В такой атмосфере вырос Томас Гейдж: священники-ренегаты из Нидерландов бросились в секретные укрытия по стуку в дверь; запретные мессы, проводимые в мокрых подвалах; шепот, сильная вера, смертельные предательства. В его ранней жизни, должно быть, было что-то близкое к чувствам первых христиан, и это явно требовало высокой степени характера и преданности. Но Томас восстал против этого, оставив иезуитскую веру, которой посвятила себя его семья, и присоединился к ненавистному сопернику: доминиканцам. Он искал истину о Боге и человеке и верил, что нашел ее.
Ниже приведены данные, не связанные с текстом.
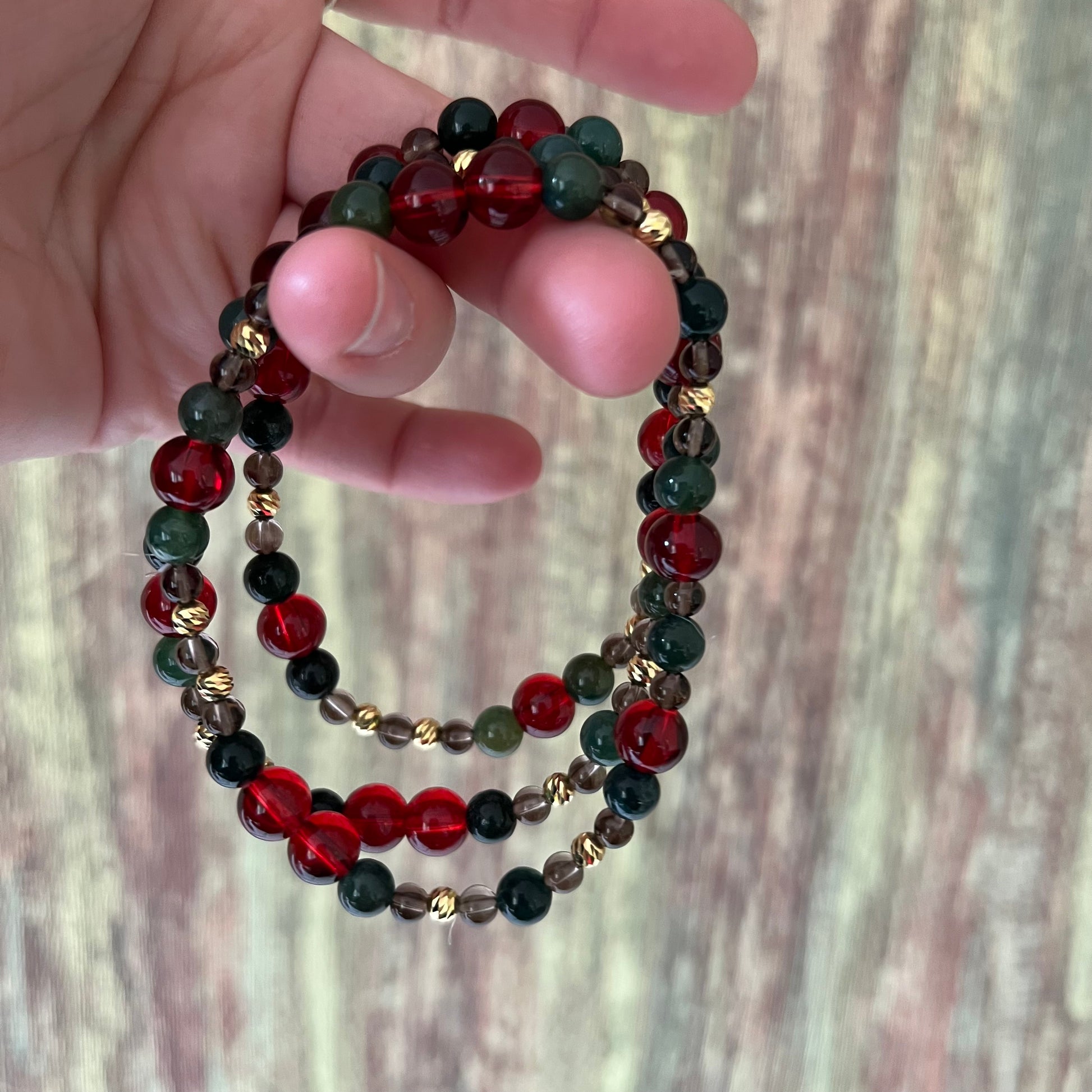 Dieses Edelsteinarmband vereint tiefe Rotnuancen, natürliche Grüntöne und feine, warme Lichtpunkte zu einem eleganten, harmonischen Schmuckstück. Der Granat in 8 mm bildet den intensiven Mittelpunkt und bringt kraftvolle Tiefe und eine edle Weinrotfarbe ins Design. Der Moosachat in 6 mm wirkt als natürlicher Ausgleich: seine grünen Maserungen schaffen einen weichen Übergang und verleihen dem Armband eine organische, waldartige Note.
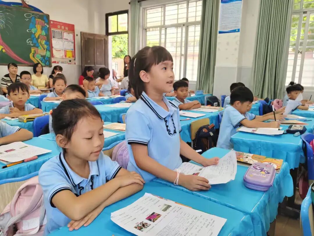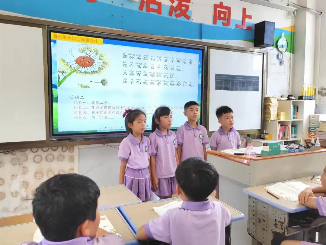 课堂上林老师安排了丰富的朗读活动,包括检查预习读文、小组读诗歌等,让学生充分朗读课文,落实了朗读要求。学生们坐姿端正,认真听讲,积极参与课堂活动,展现出良好的学习状态。

Позже он получил письмо от своего отца, в котором говорилось, что «я никогда не буду думать, что меня радуют ни мои братья, ни родственники в Англии, ни он, что я не буду больше ожидать от него вестей, и не осмеливаюсь увидеть его, если я когда-нибудь вернусь в Англию, но ожидаю, что он нападет на меня даже иезуитов, которых я покинул и выступил против, чтобы изгнать меня из моей страны ». Если кто-то хочет почувствовать сочувствие к Гейджу в какой-то момент его все более грязной жизни, с таким же успехом можно потратить его в ту ночь, когда он получил письмо своего отца, когда он сидел отреченным и почти без друзей в чужой стране. Той ночью Томас лежал без сна, не мог уснуть и плакал от слов отца.

К двадцати пяти годам Гейдж учился в доминиканском монастыре в Испании. Вскоре он попал под чары комиссара папы, вербующего молодых монахов для службы на Филиппинах. Испанцы за столетия до этого сражались с маврами за контроль над Иберией и победили; в их сознании крестовые походы все еще продолжались, и они отправляли монахов и священников в Новый Свет как воинов Христа. Гейдж подписался на миссию и отплыл в Новый Свет в 1625 году.

Обетованная земля Америки оказалась совсем не такой, как он ожидал. Вместо того чтобы сражаться за Царство Божье, он застал монахов пьяными и живущими как паши. Путешествуя по империи, он близко видел, как живут ее религиозные люди; здесь он пишет о несоответствии между тем, как другой орден, францисканцы, должен был одеваться, и тем, что они носили на самом деле:

Правила ордена францисканцев требовали, чтобы они носили вретище и рубашки из грубой шерсти и ходили с босыми ногами, обутыми в дереве или конопле; но эти монахи носили не по своим привычкам (которые они иногда заправляли до пояса, чтобы лучше показать такое великолепие), туфли из тонкой кордовской кожи, тонкие шелковые чулки, ящики с трехдюймовым кружевом на коленях, голландские рубашки и дублеты, стеганые. с шелком. Они увлекались азартными играми и знали клятвы игроков.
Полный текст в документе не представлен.